Много позже, незадолго до своей смерти, в 1883 году, во Франции, в Буживале, Тургенев вспомнит сей случай и с определённой долей юмора по отношению к себе и другим, попавшим тогда в беду, напишет в рассказе «Пожар на море»: «В числе дам, спасшихся от крушения, была одна г-жа Т... очень хорошенькая и милая, но связанная своими... дочками и их нянюшками; поэтому она и оставалась покинутой на берегу, босая, с едва прикрытыми плечами. Я почёл нужным разыграть любезного кавалера, что стоило мне моего сюртука, который я до тех пор сохранил, галстука и даже сапог; кроме того, крестьянин с тележкой, запряжённой парой лошадей, за которым я сбегал на верх утёсов и которого послал вперёд, не нашёл нужным дождаться меня и уехал в Любек со всеми моими спутницами, так что я остался один, полураздетый, промокший до костей, в виду моря, где наш пароход медленно догорал».
Нет, тогда в самом деле было не до юмора. Тургенев не скрыл в своём рассказе всего ужаса, который выпал на долю несчастных пассажиров.
В ту пору ему самому было всего двадцать лет.
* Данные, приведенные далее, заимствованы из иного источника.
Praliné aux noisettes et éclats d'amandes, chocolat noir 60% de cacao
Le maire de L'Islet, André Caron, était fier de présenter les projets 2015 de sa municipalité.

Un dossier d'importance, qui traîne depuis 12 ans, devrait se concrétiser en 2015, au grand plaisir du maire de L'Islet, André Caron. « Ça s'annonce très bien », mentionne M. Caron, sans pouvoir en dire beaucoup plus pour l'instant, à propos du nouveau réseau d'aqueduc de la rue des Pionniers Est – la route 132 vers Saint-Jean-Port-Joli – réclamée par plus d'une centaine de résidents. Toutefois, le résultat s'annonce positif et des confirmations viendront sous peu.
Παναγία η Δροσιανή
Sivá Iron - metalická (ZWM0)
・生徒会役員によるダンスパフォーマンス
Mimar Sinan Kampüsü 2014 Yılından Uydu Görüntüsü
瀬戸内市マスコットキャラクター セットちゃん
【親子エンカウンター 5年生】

И он в первый раз один отправился в дальнее путешествие — ехал в Берлин, чтобы поступить там в университет.
Как всякий молодой барчук, оказавшийся вдали от семейного присмотра, он предался на корабле занятию запретному, но потому и вожделенному, — сел за карточный стол. И вдруг посреди игры, когда счастье, казалось, стало улыбаться новичку, он услышал отчаянные крики: «Пожар!»
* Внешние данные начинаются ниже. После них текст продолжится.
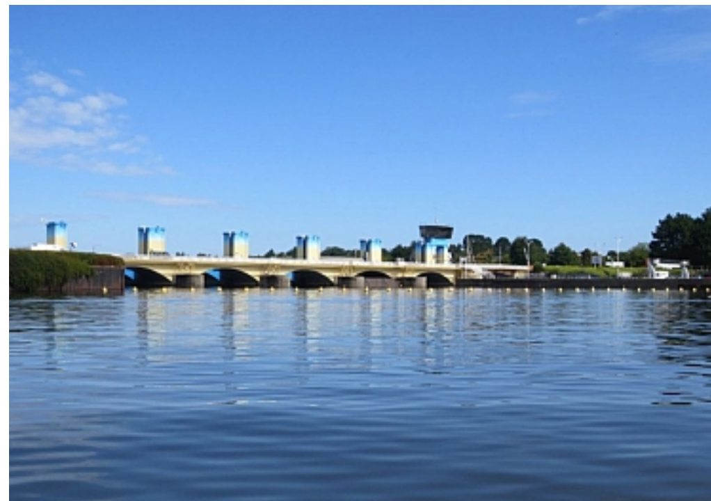
Tourisme Arz. Sud Bretagne | Mobilhian
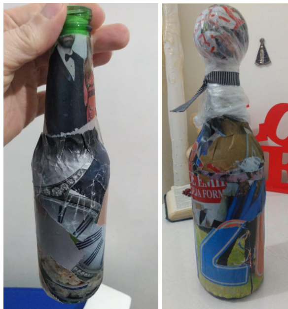
Garrafa & Água: Encontro 8 Grupo 2 – Petunia e Encontro 10 Grupo 1 – Begônia

Além do reaproveitamento, entre outras vantagens do reuso de materiais estão a diminuição da poluição da água, do solo e do ar, que se relaciona com a própria natureza humana; redução da acumulação progressiva de resíduos, nocivos à saúde; melhoria da qualidade de vida. Fazendo uma analogia com o processo arteterapêutico, simboliza um renascimento, uma renovação do ser, a partir do que se considerava sem vida, por meio do manuseio do material reaproveitado, que funciona como um aliado no trabalho terapêutico.
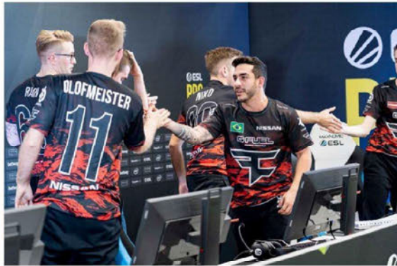
FaZe Clan's CS:GO team consists of absolute top players.

The website was shut down after a couple of months, after they made enough cash to buy the CS:GO team. The estimated costs were around $1 million - a profitable investment as Banks suspected a larger price tag in the near future: "We got to figure out how make enough money to buy this team now." According to him, many organizations make money with this method to this day.
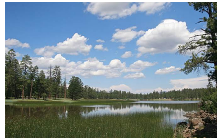
Kingman - Az
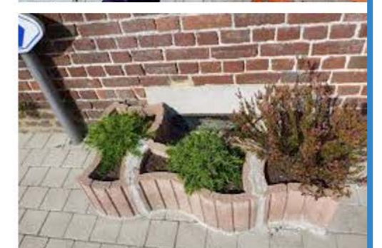
Quelques exemples de protections individuelles permettant de diminuer les impacts des inondations
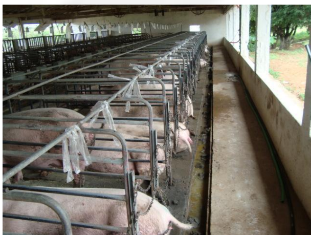
Foto 04. Vista da parte traseira de um conjunto de gaiolas de gestação
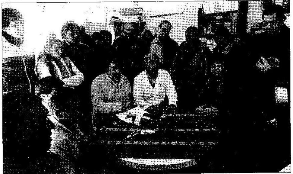
Dirigentes de Ate, Apuap, Apoc, Judiciales, Asep y municipales de Perico y San Pedro confirmaron que continuarán trabajando unidos para que se convoque nuevamente a negociación por la recomposición salarial 2013

Con este plenario buscan generar un espacio amplio de discusión para debatir la situación en que se encuentran y definir el curso de acción que asumirán en las próximas semanas.
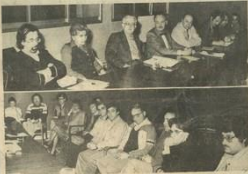
• Le conseil d'administration en plein travail.
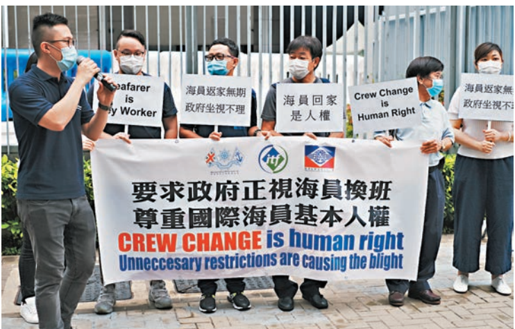
林先生（左一）希望政府能夠放寬對商船船員的措施限制。

香港文匯報訊（記者 文森）新冠肺炎自今年初肆虐全球，各國為控制疫情，封鎖邊境及限制出入境，不少商船的船員也無法落船上岸，回鄉無期。更有香港船員飄洋過海7個月，至今歸家遙遙無期。有海員工會指出，疫情下全球每月約15萬名船員無法落船換班，精神受着很大壓力，希望香港政府放寬上岸限制，容許通過檢測的船員落船回家。
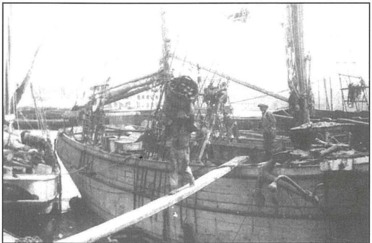
Fahhama jhottu l-faham

Din id-darba tajjeb li flimkien nagħmlu mixja tul ix-xatt kollu tal-Marsa u naraw fejn seta' kien hemm xi fdalijiet mill-imghoddi, ta' kull epoka u żmien differenti. Jingħad x'jingħad, il-periferija tal-Marsa bhala port, tibda mix-Xatt ta' Pinto sa Ras Hanzir. Li ġara hu li minhabba li l-konfini tal-ibliet u l-irhula bdew jinbidlu bil-ligijiet tal-Kunsilli Lokali u minhabba li ċertu xogħol konness mal-Port il-Kbir kellhom jiehdu rwol ieħor, sar dak li sar u l-imħażen ta' Pinto saru Valletta Waterfront imma ġew jagħmlu mal-Furjana waqt li Ras Hanzir ġie inkorporat ma' Raħal Ġdid - Casal Paola. Dan minhabba l-baċir tal-Malta Shipbuilding li qata' kull komunikazzjoni tul ix-xatt u ġie iżolat mill-kumpliment tal-mollijiet fil-Marsa. Kif konna qegħdin ngħidu, l-imħażen ta' Pinto mibnija fuq ix-xatt tal-Marsa bi hdax-il mahzen u biswithom Knisja ddedikata lill-Harba lejn l-Eġittu, inbnew fi żmien il-Granmastru li jgħibu ismu, Manoel Pinto (1741-1773).
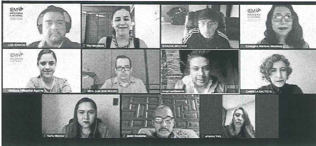
Capacitación sobre Mecanismos de Participación Ciudadana a la Asociación Civil Despierta Contepec.

Finalmente, se procedió a contestar las preguntas y dudas de los asistentes, sobre el trámite de algunos de los mecanismos de participación.
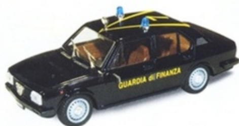
PK 248 - Alfa Romeo Alfetta 2000 Guardia Di Finanza - 1978
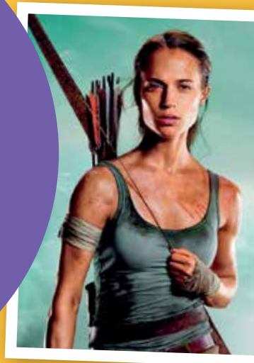
Alicia Vikander som Lara Croft i Tomb raider.
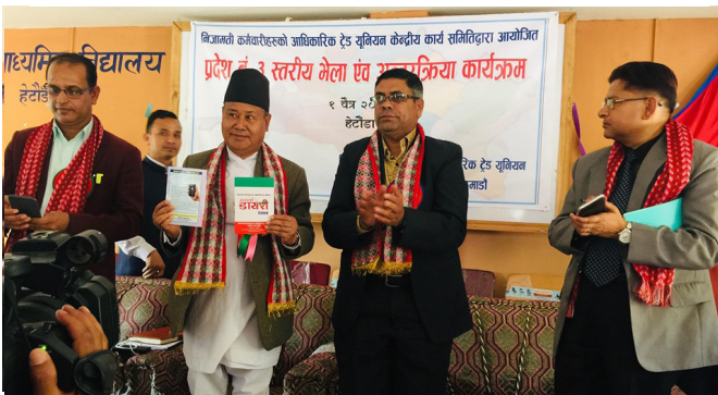
प्रदेश नं. ३ को पर्यटन ब्रान्ड सार्वजनिकीकरण तथा जुगल हिमाल

«Во мгновение ока все были на палубе. Два широких столба дыма пополам с огнём поднимались по обеим сторонам трубы и вдоль мачт; началась ужаснейшая суматоха, которая уже и не прекращалась. Беспорядок был невообразимый: чувствовалось, что отчаянное чувство самосохранения охватило все эти человеческие существа, и в том числе меня первого. Я помню, что схватил за руку матроса и обещал ему десять тысяч рублей от имени матушки, если ему удастся спасти меня».
История, вопреки ожиданиям цесаревны, действительно оказалась трагичной. Но её более всего, вероятно, расстроило то, что в ней не нашлось места сильной любовной страсти. Ни тогда, на горевшем пароходе, ни теперь.